Henry Wallis (British painter and writer) 1830 - 1916

Henry Wallis specialised in portraits of literary figures and scenes from the lives of past writers. His first great success was the Death of Chatterton (London, Tate). He depicted the poet dead in his London garret, the floor strewn with torn fragments of manuscript and, tellingly, an empty phial near his hand. The painting was universally praised. Although Wallis was only loosely connected with the Pre-Raphaelite movement, his method and style in Chatterton reveal the importance of that connection: the vibrant colours and careful build-up of symbolic detail are typical Pre-Raphaelite concerns. Wallis's next success came in 1858 with the exhibition at the Royal Academy of The Stonebreaker (Birmingham, Mus. & A.G.). Its theme was the human cost of hard labour and poverty. It showed a dead stone-breaker slumped by the roadside in a symbolically twilit landscape. Although Wallis was not the first to portray such hardships, his painting attracted much attention through its combination of shocking realism and glorious sunset.

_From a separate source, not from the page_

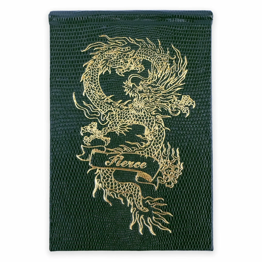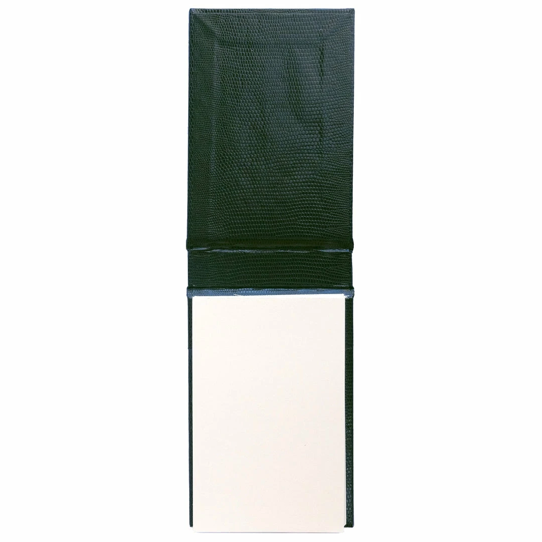 Covered in beautiful lizard embossed card with gold embossing, each notepad is handmade in England by classically trained craftsmen.

He travelled widely in Europe and the Near East; many of his later paintings show scenes or events apparently witnessed during the course of his travels. In late life he made less impact as a painter than he did as an authority on Italian and oriental ceramics, about which during the last two decades of his life he wrote a number of books and articles, many of them illustrated by his own drawings.